* [Exercise requirements] Leave out the pictures and set down the rest of the listing below word for word.

* [Data extract]
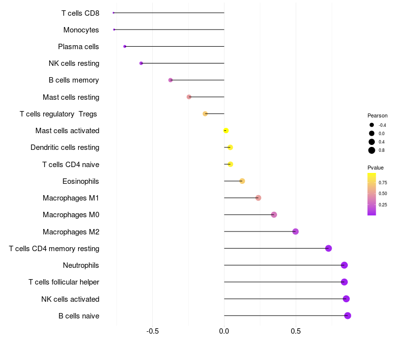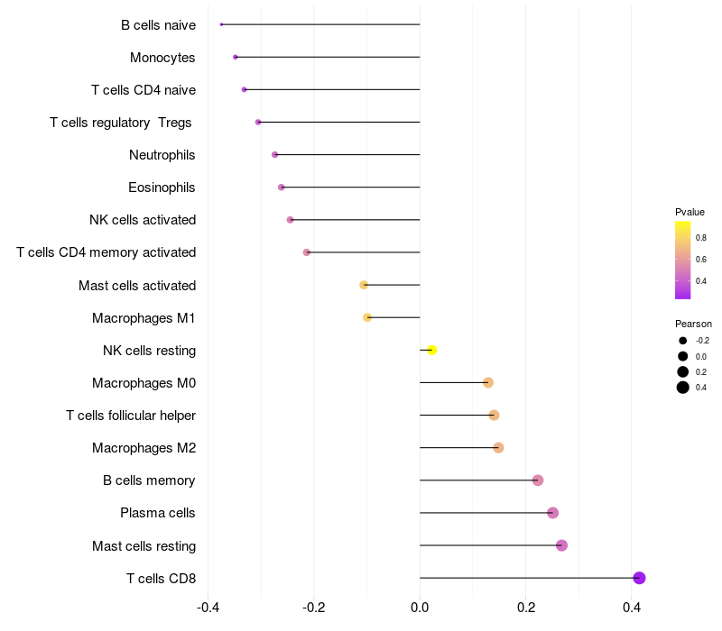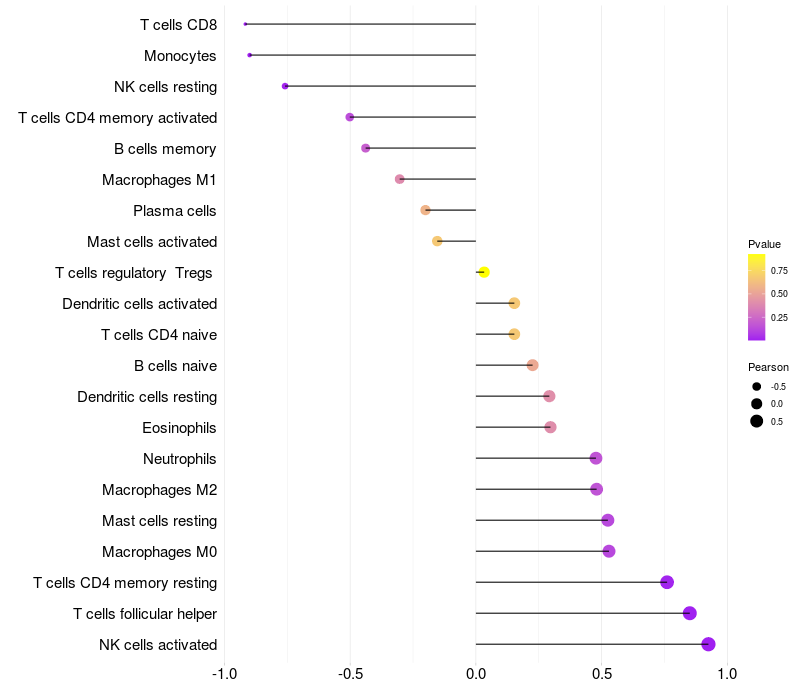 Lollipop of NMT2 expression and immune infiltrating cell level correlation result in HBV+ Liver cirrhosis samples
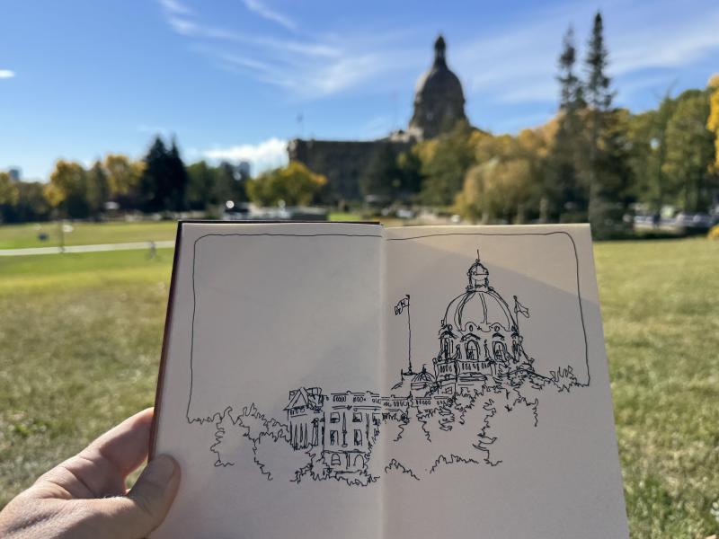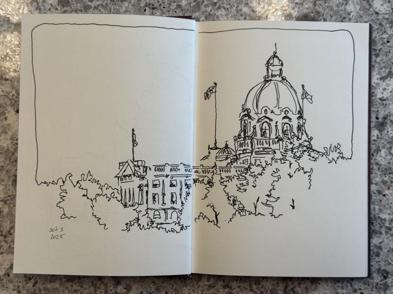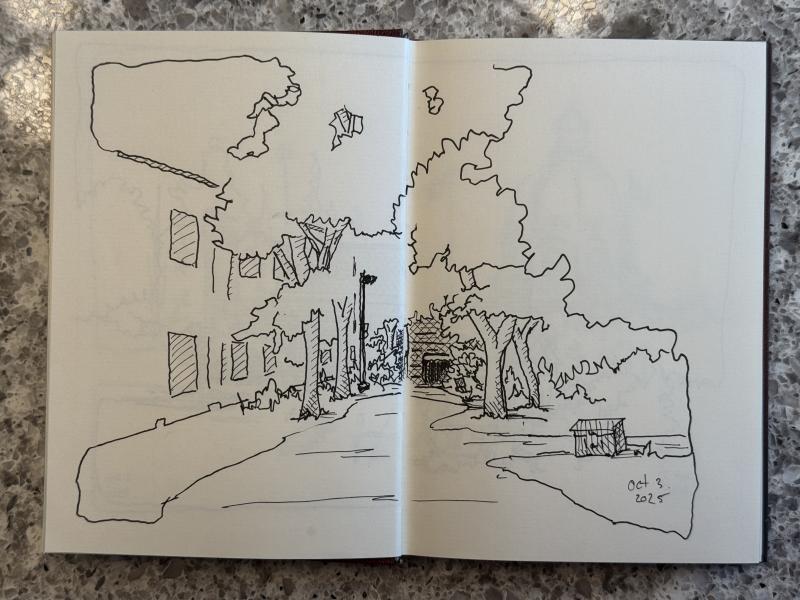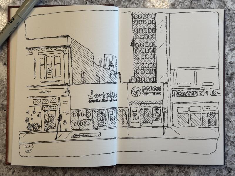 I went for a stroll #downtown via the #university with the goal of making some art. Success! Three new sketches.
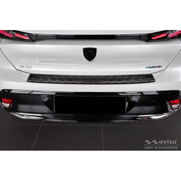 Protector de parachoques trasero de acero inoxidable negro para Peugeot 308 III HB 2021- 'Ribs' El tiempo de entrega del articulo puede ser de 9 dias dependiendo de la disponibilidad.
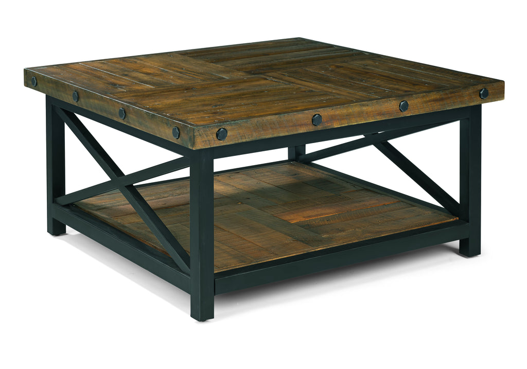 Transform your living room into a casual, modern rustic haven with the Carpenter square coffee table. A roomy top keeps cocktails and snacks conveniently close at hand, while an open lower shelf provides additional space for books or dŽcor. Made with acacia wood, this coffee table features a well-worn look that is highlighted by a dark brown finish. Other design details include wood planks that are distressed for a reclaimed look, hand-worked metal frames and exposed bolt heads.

* [Exercise response]
 Lollipop of NMT2 expression and immune infiltrating cell level correlation result in HBV+ Liver cirrhosis samples
 I went for a stroll #downtown via the #university with the goal of making some art. Success! Three new sketches.
 Protector de parachoques trasero de acero inoxidable negro para Peugeot 308 III HB 2021- 'Ribs' El tiempo de entrega del articulo puede ser de 9 dias dependiendo de la disponibilidad.
 Transform your living room into a casual, modern rustic haven with the Carpenter square coffee table. A roomy top keeps cocktails and snacks conveniently close at hand, while an open lower shelf provides additional space for books or dŽcor. Made with acacia wood, this coffee table features a well-worn look that is highlighted by a dark brown finish. Other design details include wood planks that are distressed for a reclaimed look, hand-worked metal frames and exposed bolt heads.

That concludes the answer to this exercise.